Output the data below only from the line containing "2) 單工序模式:根據(jù" up to and including the line containing "Чадър за дъжд", exact and with the pictures left out.
START STUDY MATERIAL
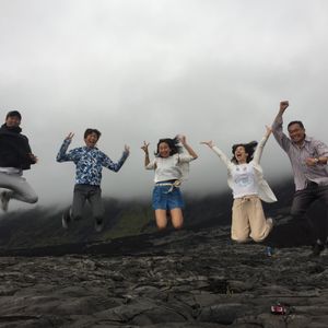 小学2年・5年の子と夫婦の家族4名での参加。元々は赤く染まる火口を見たいと思い予約したツアーでしたが、先の火山活動の活発化で国立公園が閉鎖になってしまったため、代替のプランとなりました。
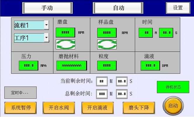 2) 單工序模式:根據(jù)每一步磨拋工序,可設置和調(diào)用30種工序參數(shù):磨盤和磨頭轉(zhuǎn)動速度、磨拋時間、水通斷……
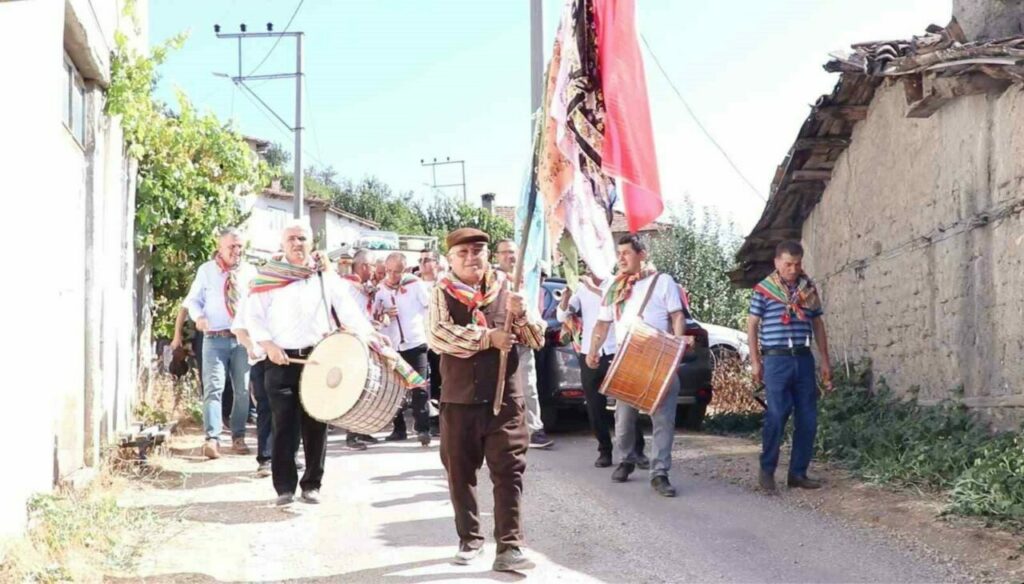 Yörük-Türkmen kültürünün yaşatıldığı düğünde gelin ve damat, geleneksel kıyafetler giydi. Köy meydanına kurulan Yörük çadırında, yerel sanatçı Mehtap Takmalı’nın türküleri eşliğinde kına gecesi düzenlendi. Gelinin ellerine kına yakılırken duygusal anlar yaşandı.
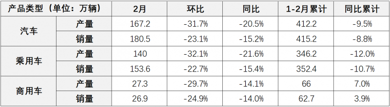 3月11日,中汽協(xié)公布的數據顯示,2月,我國汽車產銷分別完成167.2萬輛和180.5萬輛,環(huán)比分別下降31.7%和23.1%,同比分別下降20.5%和15.2%。
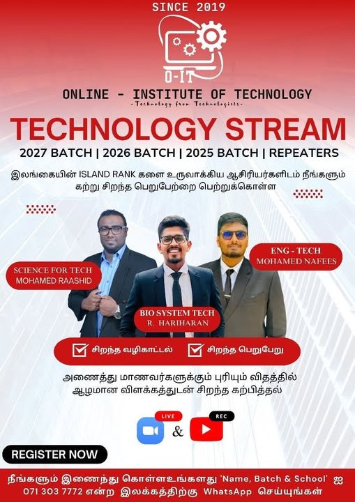 🔰 G.C.E A/L TECHNOLOGY STREAM – TAMIL MEDIUM 🔰
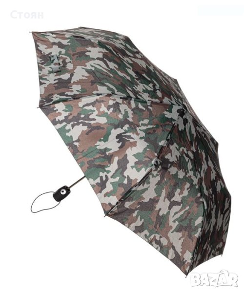 Чадър за дъжд в камуфлажен цвят. Има дръжка с прав захват, механизъм за автоматично отваряне и калъф.
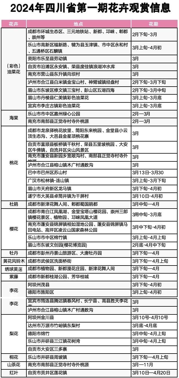 3月14日,记者从四川省林业和草原生态旅游发展中心获悉,伴随着即将到来的周末,2024年四川首期花卉观赏信息正式公布。总的来看,今年的春花,呈现出花种多、分布广等特点,赏花季将一直持续到四月中旬。目前,已有油菜花、桃花、樱花、李花等14种花卉进入最佳观赏期。
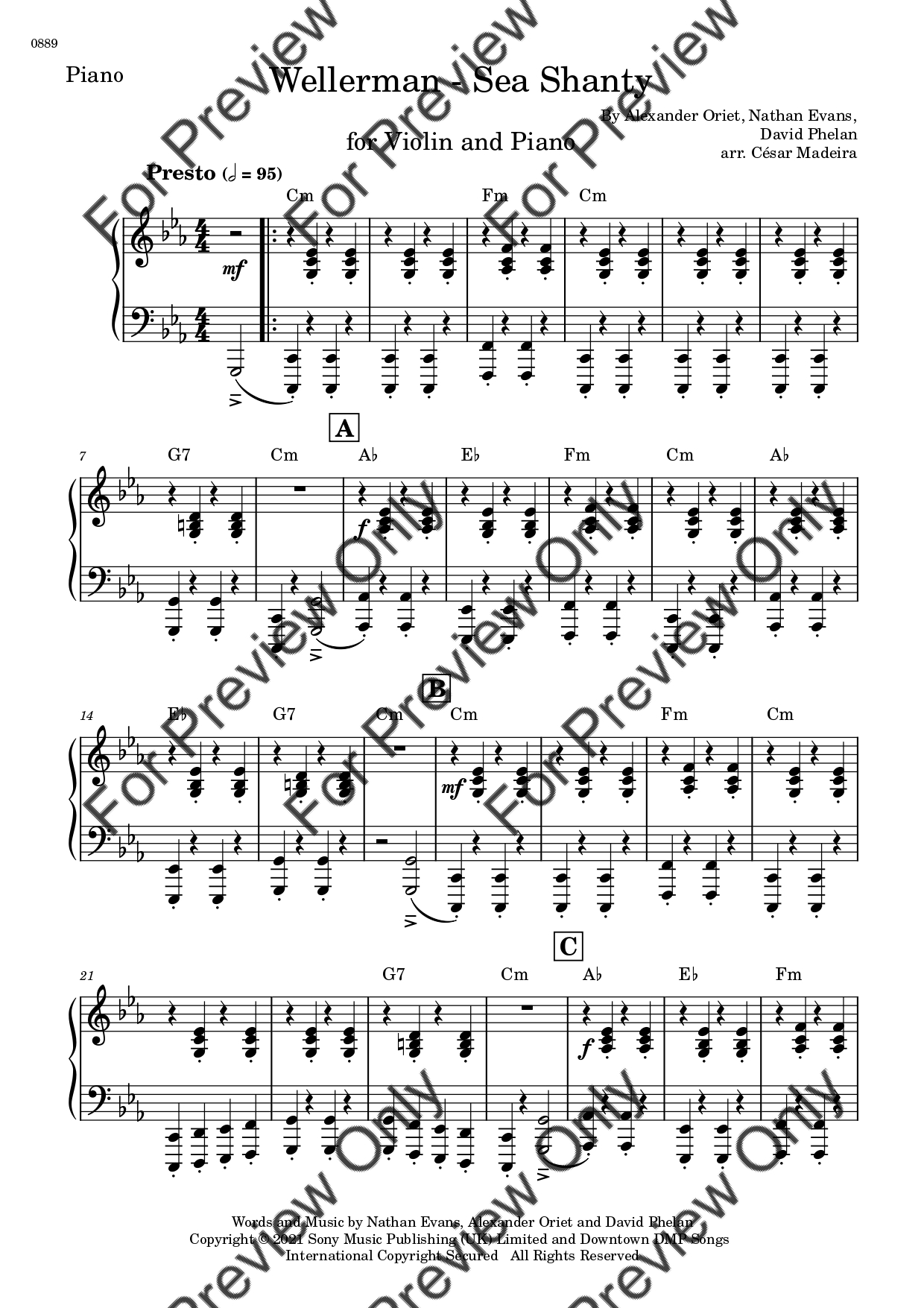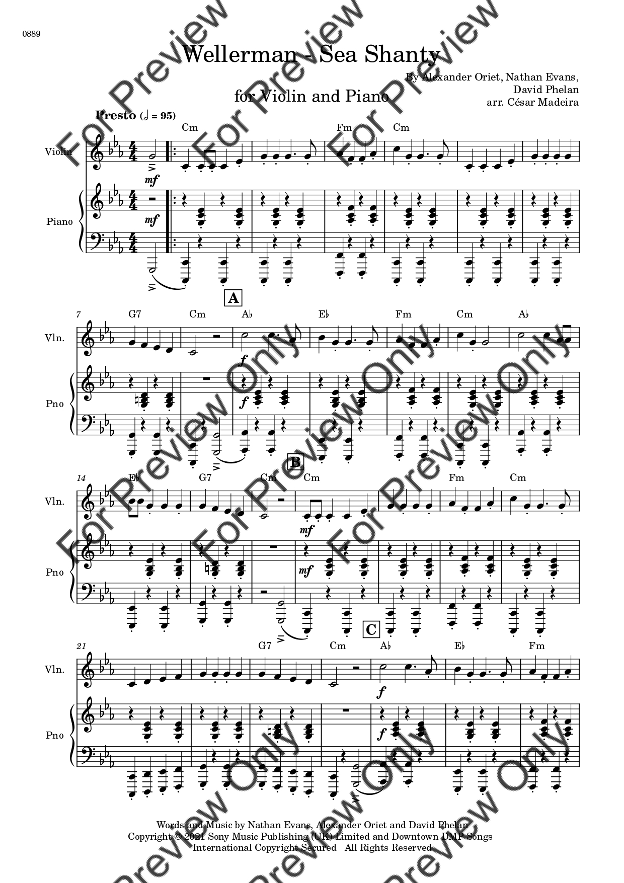 Wellerman (Sea Shanty) by Nathan Evans. Arrangement for Violin and Piano. With Full Score and Individual Parts. Have fun!
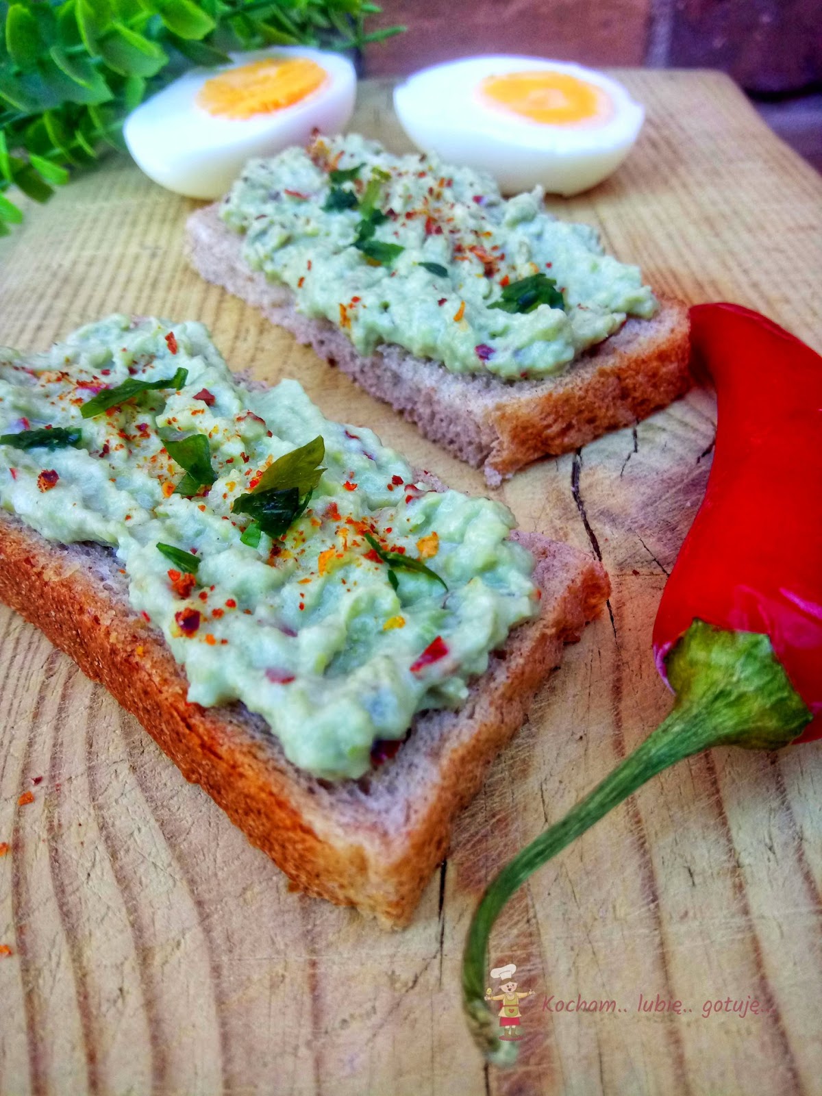 Pasta z bobu w wersji na ostro, z chili. Przygotowuje się ją zupełnie tak samo jak tą z natką pietruszki. Fantastyczny dodatek do pieczywa!
END STUDY MATERIAL
EXPECTED OUTPUT:
 2) 單工序模式:根據(jù)每一步磨拋工序,可設置和調(diào)用30種工序參數(shù):磨盤和磨頭轉(zhuǎn)動速度、磨拋時間、水通斷……
 Yörük-Türkmen kültürünün yaşatıldığı düğünde gelin ve damat, geleneksel kıyafetler giydi. Köy meydanına kurulan Yörük çadırında, yerel sanatçı Mehtap Takmalı’nın türküleri eşliğinde kına gecesi düzenlendi. Gelinin ellerine kına yakılırken duygusal anlar yaşandı.
 3月11日,中汽協(xié)公布的數據顯示,2月,我國汽車產銷分別完成167.2萬輛和180.5萬輛,環(huán)比分別下降31.7%和23.1%,同比分別下降20.5%和15.2%。
 🔰 G.C.E A/L TECHNOLOGY STREAM – TAMIL MEDIUM 🔰
 Чадър за дъжд в камуфлажен цвят. Има дръжка с прав захват, механизъм за автоматично отваряне и калъф.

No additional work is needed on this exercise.